Records from a collection

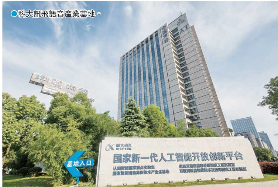
●科大訊飛語音產業基地。

突出辦會實效，本屆大會堅持「走出去」與「引進來」相結合，聚焦安徽省「4433」萬千億產業體系，統籌謀劃傳統產業優化升級、新興產業培育壯大和未來產業前瞻布局，持續深化項目對接。大會邀請央企、外企、港澳企、台企、僑企、民企代表相聚安徽，將舉辦安徽省與中央企業合作發展座談會、安徽省新興產業與跨國公司對接會、皖港澳製造業合作交流對接會、皖台優勢產業合作推進會、僑創項目對接暨巢湖僑創會、中國製造業民營企業合作交流對接等系列活動，目前已初步摸排大會備選簽約項目超700個、投資額超3,500億元。
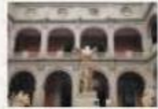
En la actualidad, el edificio de la Academia de San Carlos pertenece a la Facultad de Artes y Diseño de la UNAM.

De acuerdo con Humboldt, ¿cómo son los estudiantes de la Academia?
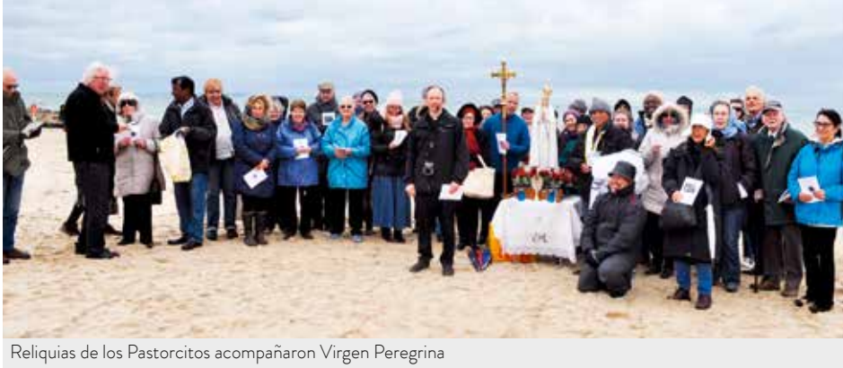
Reliquias de los Pastorcitos acompañaron Virgen Peregrina

400 localidades de las Islas Británicas rezaron el Rosario / Oliver Abassolo
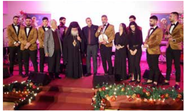
"تراتيل وتأملات ميلادية" فرقة أمسيات
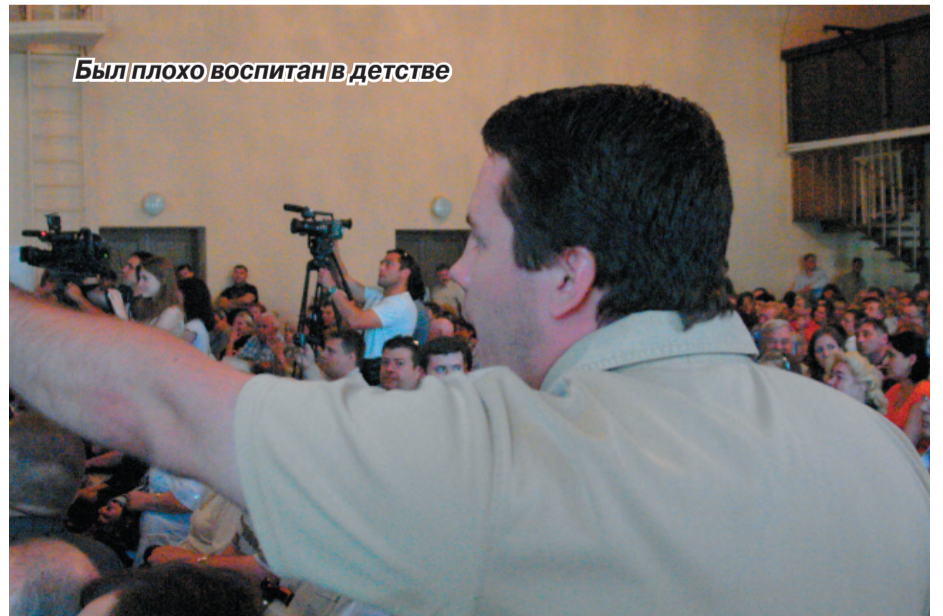
Был плохо воспитан в детстве
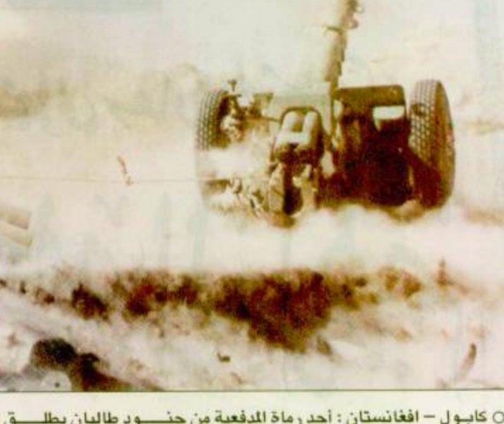
العاصمة كابول «أ. ف. ب.»
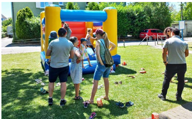
Für die Veranstalter: Rainer Böhm

Eröffnet wurde das Fest mit einem internationalen Buffet. Danach gab es unterschiedliche Kulturbeiträge, wie ein ukrainischer Frauenchor, der Kinderchor der Musikschule Goldach-Tübach und die Tanzgruppe Bomb Diggity aus Steinach. Im Anschluss daran verweilten die einen bei Kaffee und Dessert, die anderen folgten den unterschiedlichen Aktionen rund um die Kirche, wie Kaffeeceremonie, Spieleparcours, Hüpfburg, Basteln, Trommeln oder bei der Popcornmaschine. Zum Ende gab es noch eine Runde «Sing mit».
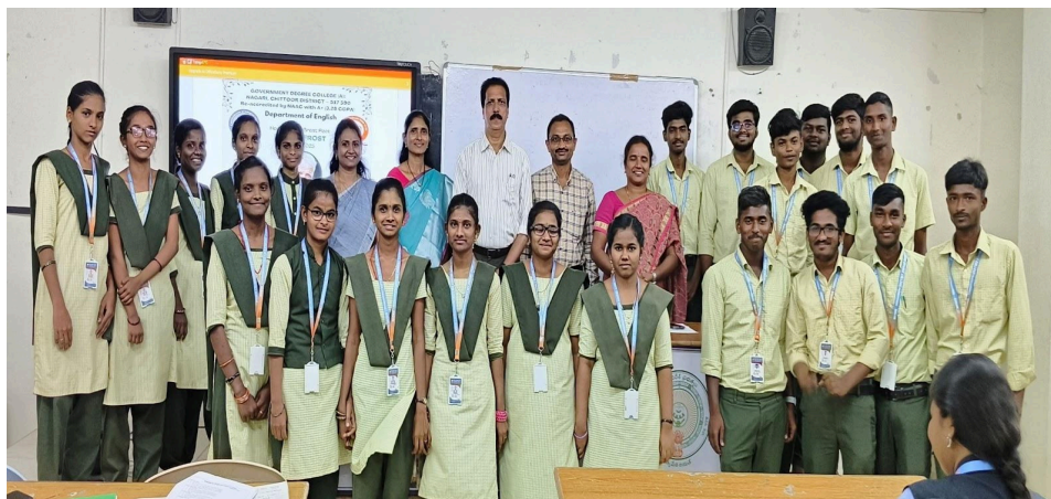
Principal, judges and faculty of English with the participants of the competition 29.01.2025

*What you need to do*. Since the copy should hold text only, set down each record exactly and leave the pictures out.

*Output of the exercise*.
●科大訊飛語音產業基地。

突出辦會實效，本屆大會堅持「走出去」與「引進來」相結合，聚焦安徽省「4433」萬千億產業體系，統籌謀劃傳統產業優化升級、新興產業培育壯大和未來產業前瞻布局，持續深化項目對接。大會邀請央企、外企、港澳企、台企、僑企、民企代表相聚安徽，將舉辦安徽省與中央企業合作發展座談會、安徽省新興產業與跨國公司對接會、皖港澳製造業合作交流對接會、皖台優勢產業合作推進會、僑創項目對接暨巢湖僑創會、中國製造業民營企業合作交流對接等系列活動，目前已初步摸排大會備選簽約項目超700個、投資額超3,500億元。
En la actualidad, el edificio de la Academia de San Carlos pertenece a la Facultad de Artes y Diseño de la UNAM.

De acuerdo con Humboldt, ¿cómo son los estudiantes de la Academia?
Reliquias de los Pastorcitos acompañaron Virgen Peregrina

400 localidades de las Islas Británicas rezaron el Rosario / Oliver Abassolo
"تراتيل وتأملات ميلادية" فرقة أمسيات
Был плохо воспитан в детстве
العاصمة كابول «أ. ف. ب.»
Für die Veranstalter: Rainer Böhm

Eröffnet wurde das Fest mit einem internationalen Buffet. Danach gab es unterschiedliche Kulturbeiträge, wie ein ukrainischer Frauenchor, der Kinderchor der Musikschule Goldach-Tübach und die Tanzgruppe Bomb Diggity aus Steinach. Im Anschluss daran verweilten die einen bei Kaffee und Dessert, die anderen folgten den unterschiedlichen Aktionen rund um die Kirche, wie Kaffeeceremonie, Spieleparcours, Hüpfburg, Basteln, Trommeln oder bei der Popcornmaschine. Zum Ende gab es noch eine Runde «Sing mit».
Principal, judges and faculty of English with the participants of the competition 29.01.2025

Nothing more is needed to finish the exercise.